6 Features Not Found on the iPhone 6

Posted by admin on September 9, 2014 Blog | Tags: , , | No comments

iPhone 6 copy
Today, Apple, from their headquarters in Cupertino, California announced the iPhone 6, the iPhone 6 Plus and the Apple Watch. They ain’t cheap, fo sho. $199 is the starting price for the 6. $299 for the entry level 6 Plus. Pre-orders will be accepted beginning September 12th with delivery by September 19th. No word, as of yet, on the price point and release date of the Apple Watch.

While we know the screens are larger than the 5 and the battery is better and it’s the most powerful iPhone to date…they still don’t have some features, that if I may speak for society as a whole, should be standard.

1. Holodeck: First used on the Starship Enterprise, headed by Captain Jean-Luc Picard, the holodeck had virtual reality on lock down. Man, any scenario you could come up with…a threesome with a Ferengi and a Romulan, for instance, that could happen. (Sadly, Star Trek: The Next Generation, never utilized the holodeck for such humanitarian ventures.) While holodeck technology will not be on the iPhone 6, you will still have access to contract viruses from a myriad of porn sites.
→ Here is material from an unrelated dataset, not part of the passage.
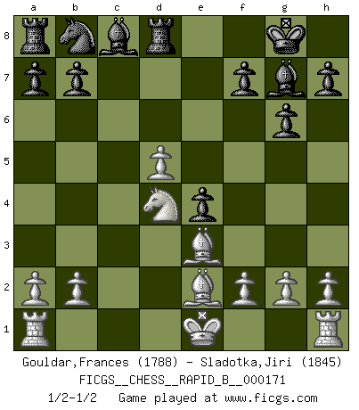 Last move : 1/2-1/2 2011 January 22 12:33:6 [Event "FICGS__CHESS__RAPID_B__000171"] [Site "FICGS"] [Date "2011.01.04"] [Round "1"] [White "Gouldar,Frances"] [Black "Sladotka,Jiri"] [Result "1/2-1/2"] [WhiteElo "1788"] [BlackElo "1845"] 1.d4 Nf6 2.c4 g6 3.Nc3 Bg7 4.e4 d6 5.Nf3 O-O 6.Be2 e5 7.dxe5 dxe5 8.Qxd8 Rxd8 9.Bg5 Re8 10.Nd5 Nxd5 11.cxd5 c6 12.Be3 cxd5 13.exd5 e4 14.Nd4 Rd8 1/2-1/2 King's Indian : Andersson variation Kingside Castling by player Black (move 5) This chess game ended in a draw. Follow this game move after move (download)Bobby Fischer's current state of mind is indeed a tragedy. One of the world's greatest Chess players - the pride and sorrow of American Chess. (Frank Brady) Woher wissen wir, daß der Neanderthaler Blindschach gespielt hat? -- Bei Ausgrabungen wurden keine Schachbretter und Figuren gefunden. (Anonymous) Botvinnik trataba de restarle el misterio al Ajedrez, siempre relacionandolo a situaciones de la vida ordinaria. El gustaba de llamar al Ajedrez un típico problema inexacto similar a aquellos de los cuales la gente siempre tiene que enfrentarse en la vida cotidiana. (Garry Kasparov) Nous vivons dans un monde échiquéen : chaque jour qui passe est un défi à relever. (Philosophe Sasha) I take risks, sometimes patients die, but not taking risks causes more patients to die. So I guess my biggest problem is I've been cursed with the ability to do the math. (Gregory House, House M.D.)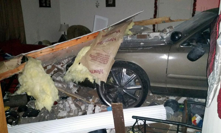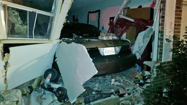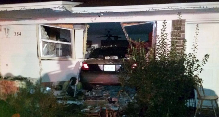 The vehicle came to rest complete inside the home on Petty Drive, off of Tate Road, about 4:15 a.m. The occupants of the home and the driver of the car were not injured.

2. A Politeness Feature: This app would prevent a-holes from Tweeting while sitting at a green light, holding up traffic. It would stop consumers from having a conversation while at the supermarket check-out. Also known as the “manners application,” it would send an static electric shock into the ear of a Bluetooth clad customer when he or she is speaking too loudly in a public place. Unfortunately, the only technology available is the threat of bodily harm. Which, in many cases, does not turn out well.

3. A Complimentary Monkey: Don’t be ridiculous. I’m not talking about a full grown, surly, chimpanzee or anything. That would be dumb. Maybe a Capuchin, Spider or a cute, frisky little Marmoset. I just think the iPhone 6 could justify its exorbitant cost, with a sweet little creature as a gift with purchase…like they do at the perfume counter. The monkey could carry the phone, perhaps properly communicate with Siri and get you to the next level on Candy Crush.
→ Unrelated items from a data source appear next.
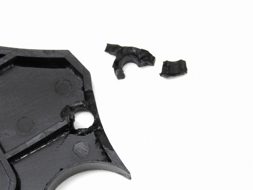 右側のフレーム(ロゴの刻印がある方)の内側のネジ穴が割れてしまっていますが、外からは見えない位置であり、動作に支障はありません。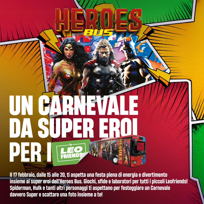 Il 17 febbraio, dalle 15 alle 20, arriva l’Heroes Bus con una straordinaria festa dedicata ai più piccoli: giochi, sfide e laboratori insieme a Spiderman, Hulk e tanti altri supereroi.
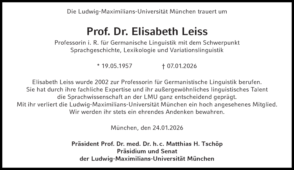 Hier finden Sie alle Traueranzeigen aus der Zeitung, die bisher für Elisabeth Leiss erschienen sind. Weitere Traueranzeigen, die in der Zeitung erscheinen, werden hier ebenfalls aufgelistet

4. Neuralyzer: Come on already. Agent K had one. It should be standard on the iPhone 6. Your iPhone already has a flash on it. Where’s the mind eraser made famous in Men in Black? Call your boss a dick. Neuralyzer him. Get caught in the sack with someone other than your wife. Neuralyzer her. Do all kinds of dirty s***, and have people look into your iPhone and zap, bing, pow. It. Never. Happened.

5. A Time Travel Portal: We had heard rumors of a program on the new iPhone that would allow us access to the wormhole. Unfortunately, iPhone 6 will not have this feature as time travel is not yet possible. So, presently, the space time continuum is safe. We have heard, however, that Apple has been consulting with a Doc Brown of Hill Valley on acquiring the technology.

6. Carbon Freezing: Yeah, like Star Wars, right? Gotta go on a long trip with the kids, use the iPhone’s carbon freezing feature on the kids and travel quietly with the kids safely encased in Carbonite. So, there’s that…and obviously if you want to transport Han Solo, with the help of Boba Fett to Tattooine, you could do that too.